Wednesday, March 11, 2015

Texas Blue Accountable Care Deal Puts Physician Offices in Charge


Reprinted from THE AIS REPORT ON BLUE CROSS AND BLUE SHIELD PLANS, a hard-hitting independent monthly newsletter on new products, market share, strategies, conversions, financing, profitability and strategic alliances of BC/BS plans. (Not affiliated with the Blue Cross and Blue Shield Association or its member companies.)

By Steve Davis, Managing Editor

March 2015 Volume 14 Issue 3

Blue Cross and Blue Shield of Texas (BCBSTX), a division of Health Care Service Corp., struck a deal with the nation’s largest physician group, the Texas Medical Association (TMA), in a new incarnation of the accountable care organization (ACO) model, the two groups said on Feb. 5.

The partnership, which incorporates 48,000 TMA physicians and more than 5 million BCBSTX members, is significant in that it represents a break in the tradition of insurers partnering with ACOs led by sizeable health systems, instead bringing tech-challenged independent doctors into the fold of value-based care. In Texas, more than two-thirds of doctors operate in small private practices, but the overall number of independent physicians is declining. The number of physicians considering selling their practice increased from 21% in 2013 to 24% in 2014, cloud-based health care platform CareCloud reported in its 2014 Practice Profitability Index And the number of physicians who wanted to remain independent fell from 60% to 53%.
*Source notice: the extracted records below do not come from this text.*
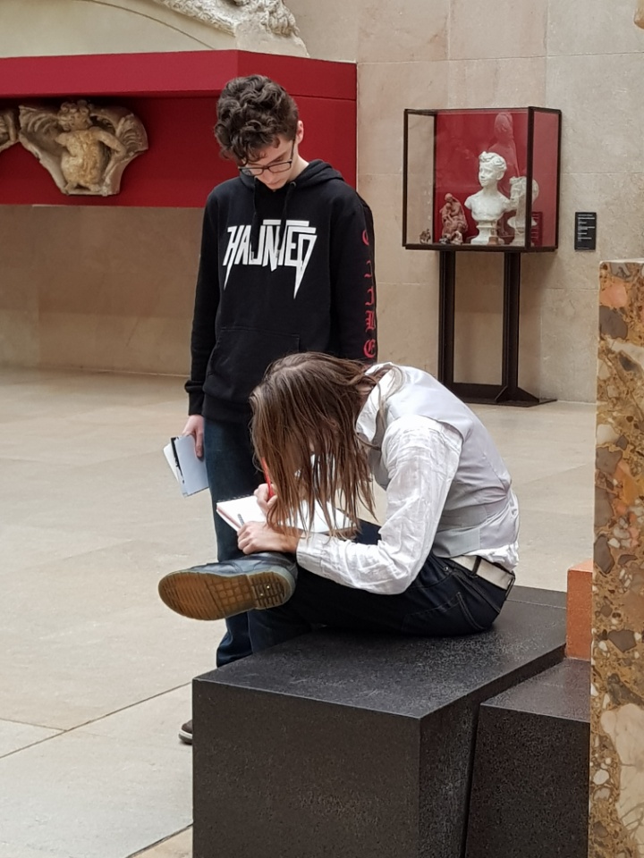 Jeudi ce fut visite du musée d’Orsay et du Louvre : les élèves ont alors eu l’occasion de fournir de petits exposés en fonction des oeuvres qu’ils avaient tirées au sort, permettant aux enseignantes d’arts appliqués et de Lettres de compléter au fur et à mesure de leurs programmes respectifs.
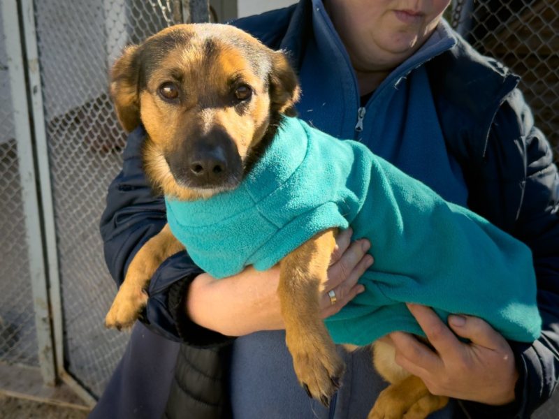 Młody, energiczny piesek o czarno podpalanym umaszczeniu. Jest bardzo towarzyski i łagodny, uwielbia spacery oraz wspólną zabawę. Z radością przywita każdego, kto okaże mu serce – to pies marzący o własnym, kochającym domu.
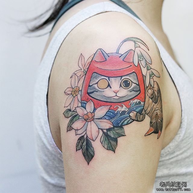 彩色日式达摩猫咪纹身图案
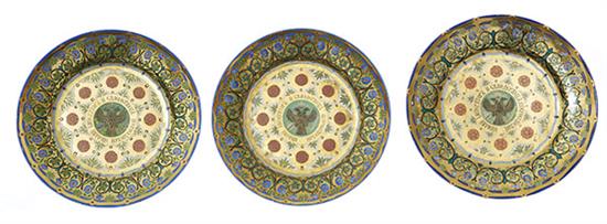 A SET OF THREE RUSSIAN IMPERIAL PORCELAIN FACTORY PLATES FROM THE KREMLIN SERVICE, PERIOD OF NICHOLAS I (1825-1855)
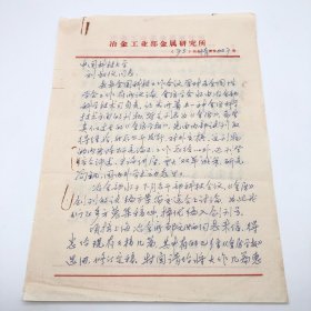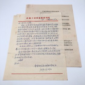 冶金工业部金属研究所,1973年致时任中国科技大学教授、著名热力学家刘叔仪,关于筹办刊物《金属》并将召开部科技会议讨论创刊试编方案,向其征求意见函件一份两页(使用“冶金工业部金属研究所”笺纸书写。刘叔仪旧藏)
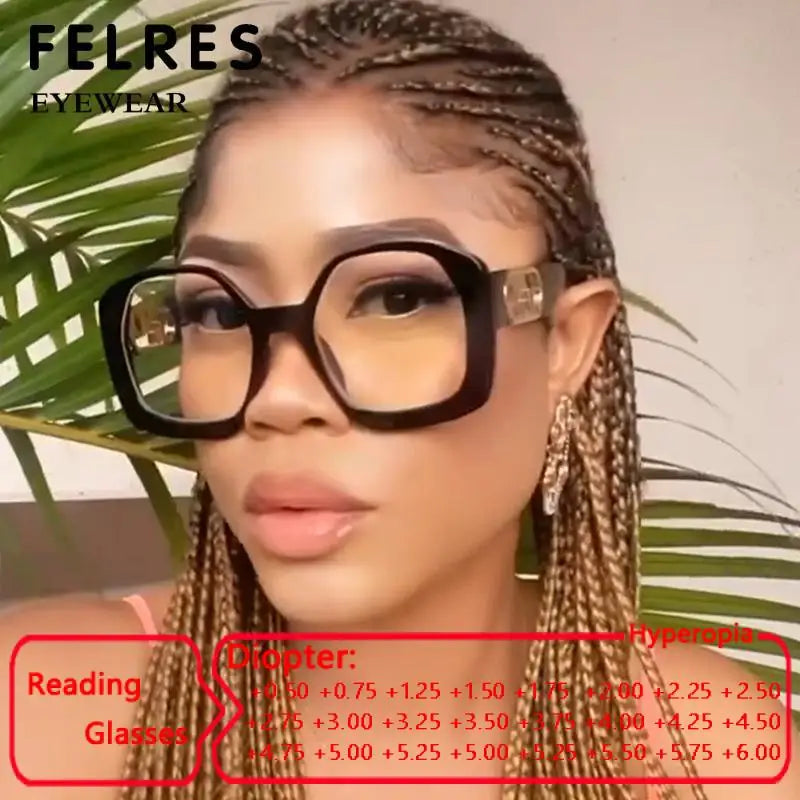 Oversized Square Ladies Reading Glasses Fashion Brand Designer Anti blue Light Computer Glasses Women Polygon Presbyopia Eyewear
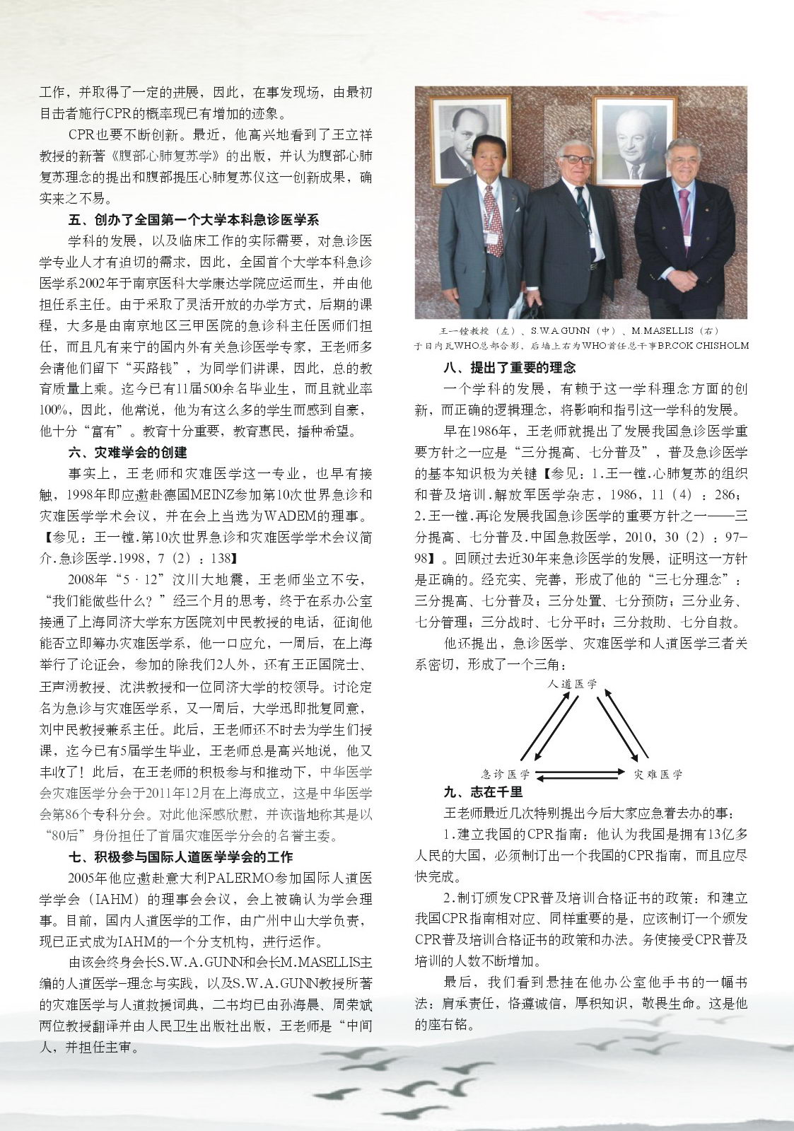 2008年“5·12”汶川大地震,王老师坐立不安,“我们能做些什么?”经三个月的思考,终于在系办公室接通了上海同济大学东方医院刘中民教授的电话,征询他能否立即筹办灾难医学系,他一口应允,一周后,在上海举行了论证会,参加的除我们2人外,还有王正国院士、王声湧教授、沈洪教授和一位同济大学的校领导。讨论定名为急诊与灾难医学系,又一周后,大学迅即批复同意,刘中民教授兼系主任。此后,王老师还不时去为学生们授课,迄今已有5届学生毕业,王老师总是高兴地说,他又丰收了!此后,在王老师的积极参与和推动下,中华医学会灾难医学分会于2011年12月在上海成立,这是中华医学会第86个专科分会。对此他深感欣慰,并诙谐地称其是以“80后”身份担任了首届灾难医学分会的名誉主委。
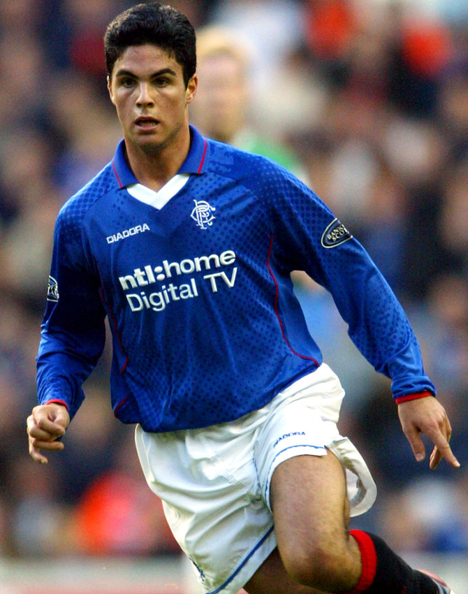 若き日のミケル・アルテタ(現アーセナル監督)も着たDiadora製のユニフォーム。この画像では見えにくいのだが、全体に打たれた細かな丸ドットの中に片足立ちのライオンを散りばめたデザインだった。
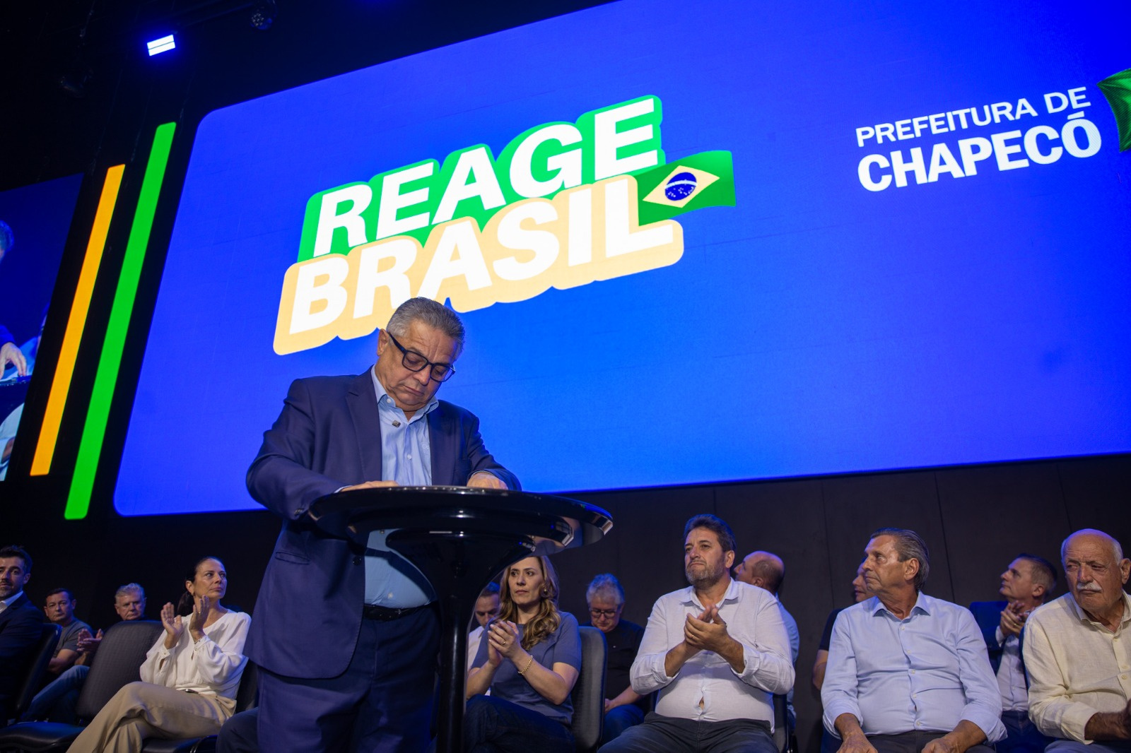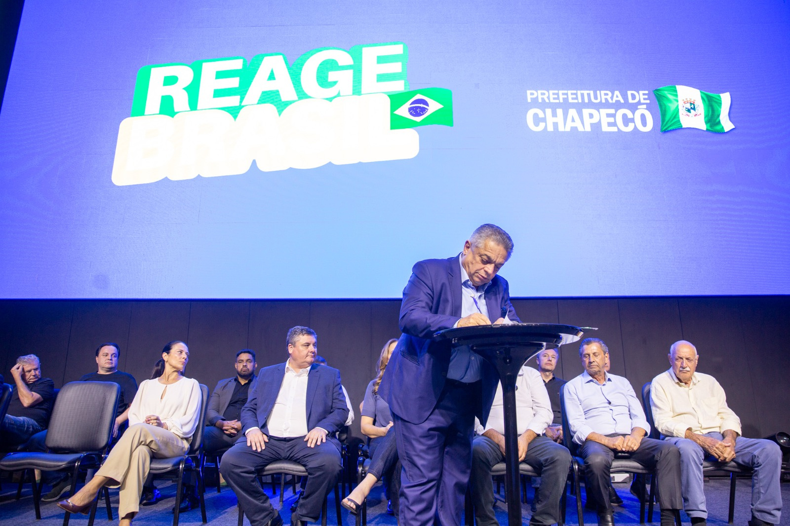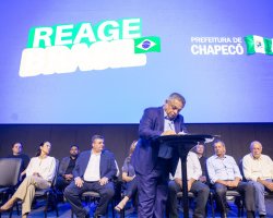 A Prefeitura de Chapecó lançou nesta terça-feira (31) o programa Reage Brasil, que consiste num pacote de ações e obras de cerca de R$ 200 milhões, com o objetivo de manter Chapecó entre os melhores do país em investimentos e geração de emprego. O ato de assinatura do projeto de lei que será encaminhado para a Câmara de Vereadores foi realizado na Get Church.
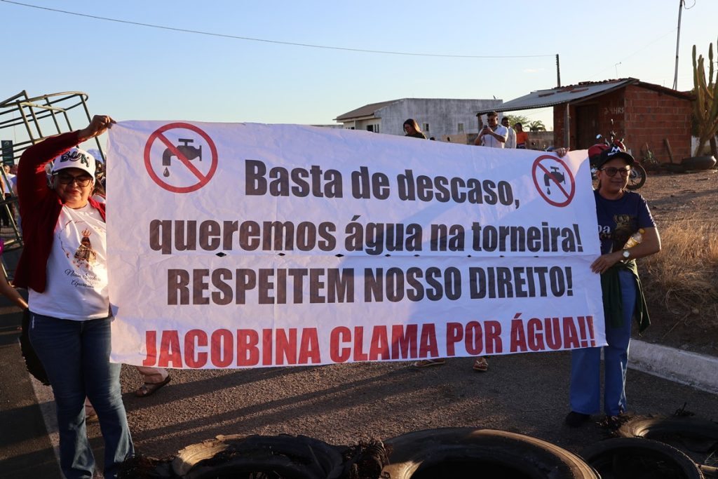 Moradores da cidade de Jacobina do Piauí, a 445 km de Teresina, realizaram, na tarde de quinta-feira (13), uma manifestação na BR-407 para denunciar a falta de água no município e cobrar melhorias da concessionária Águas do Piauí, responsável pelos serviços de abastecimento de água, coleta e tratamento de esgoto no estado.
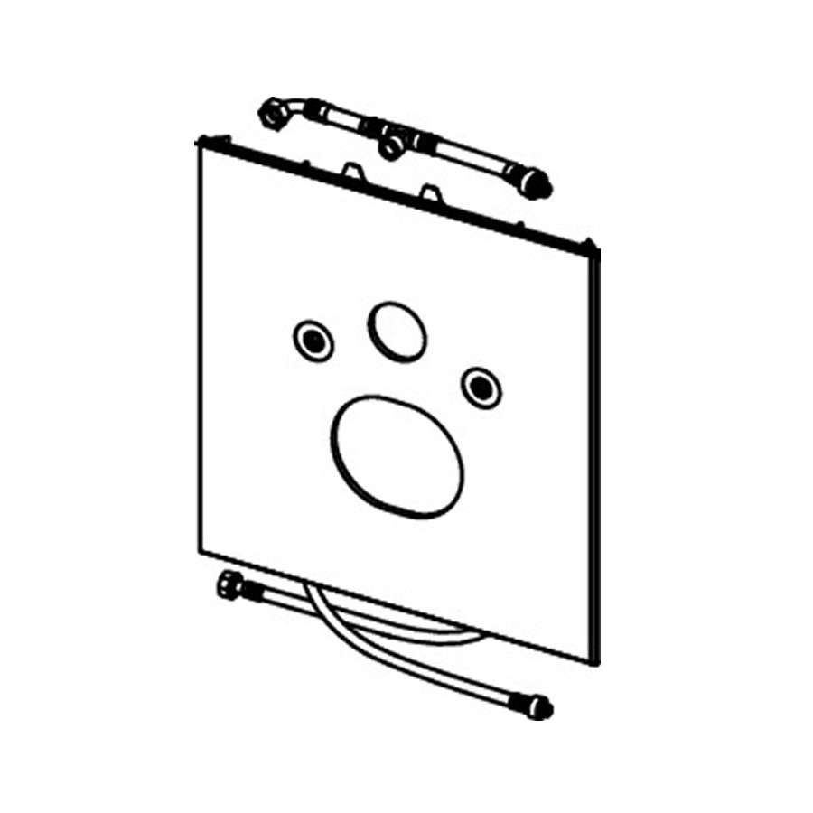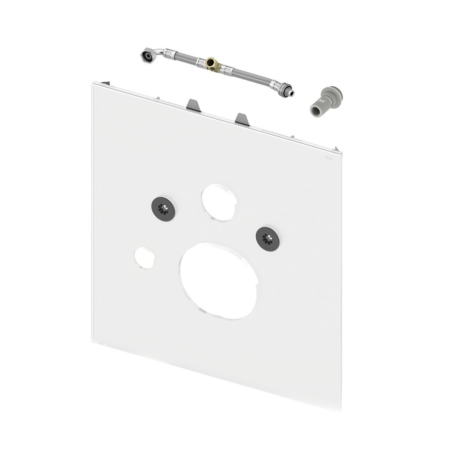 Dolna obudowa szklana do łączenia z toaletą myjącą Geberit Aquaclean Sela, Mera i Tuma, Toto Washlet SG, Toto Washlet EK lub GL z ukrytymi przyłączami, Grohe Sensia, V & B ViClean U+ lub Laufen Riva, w tym samoprzylepna taśma wygłuszająca i wymienny wąż przyłączeniowy do spłuczki oraz adapter z tworzywa 3/8" do zaworu napełniającego F 10.- wymiary: 446 x 430 x 16 mm

While the venture, TMA PracticeEdge, LLC, allows physicians to access some of the resources of a large insurer, it also presents new technological hurdles. A health system generally is somewhat contained, with limited locations and a pre-existing IT infrastructure. PracticeEdge, by contrast, will try to unite thousands of independent practitioners throughout Texas, who may or may not be participating in the program. Dan McCoy, chief medical officer for BCBSTX, tells The AIS Report that PracticeEdge will solicit bids from IT vendors that can solve the particular challenges of incorporating so many independent practices across such a large geographical area.

“Part of the early success of these programs is going to depend on both educating and providing strategic resources that teach physicians what’s necessary to create these programs, how to aggregate enough critical mass within their community to deliver population health and then finally an entity that can customize technology that will be useful to that physician and employ that technology,” McCoy says.

Marianne Fazen, executive director of the Dallas-Fort Worth Business Group on Health, says while she’s excited about the potential for independent doctors, she’s concerned with how quality measures will be tracked. If a patient comes in with back pain and the PracticeEdge physician refers him to a non-participating radiology clinic, she says, that puts a hole in the data.

“If that independent MRI or radiology group isn’t connected into it, how would they coordinate care so that the next time the patient needs something else, they don’t do another MRI?” she asks.

Price Tag Is Steep

But the fact that doctors will be able to access these resources at all is a boon to the private physician community, Fazen says, and price transparency tools will make them more cost-sensitive. The complexity of the program is reflected in its steep start-up price tag, which TMA President Austin King, M.D., estimates to be between $5 million and $10 million.

The benefits will be worth it, King says, because it returns to physicians control over tasks such as defining quality indicators and deciding how to manage their high-risk populations.

“The problem with other systems is either other people, insurance companies or the government defines what quality is, and we feel physicians should be doing that,” King explains. Participation is purely voluntary, and doctors can choose their level of commitment. “PracticeEdge is really a services organization,” he adds. “A physician can participate at several different levels; they can either take advantage of office management systems, primarily which doctors that are specialists will probably do, or go all the way up to a truly integrated model, which would be like an ACO.”

Not all TMA members are thrilled with the decision, however. A few doctors have expressed concern that the partnership doesn’t help preserve physicians’ independence. King responded on TMA’s website that the decline in private practices requires doctors to take steps to “rewrite the history of health care.”

King said TMA would always retain the majority stake in PracticeEdge, and that the Texas Blues Plan’s role is to “bring the knowledge, technologies, and contracting expertise to help physicians succeed in accountable care environments.”

“It will help physicians prove value. No physician has to be a part of this, but it offers those who want to participate a new path forward,” he said.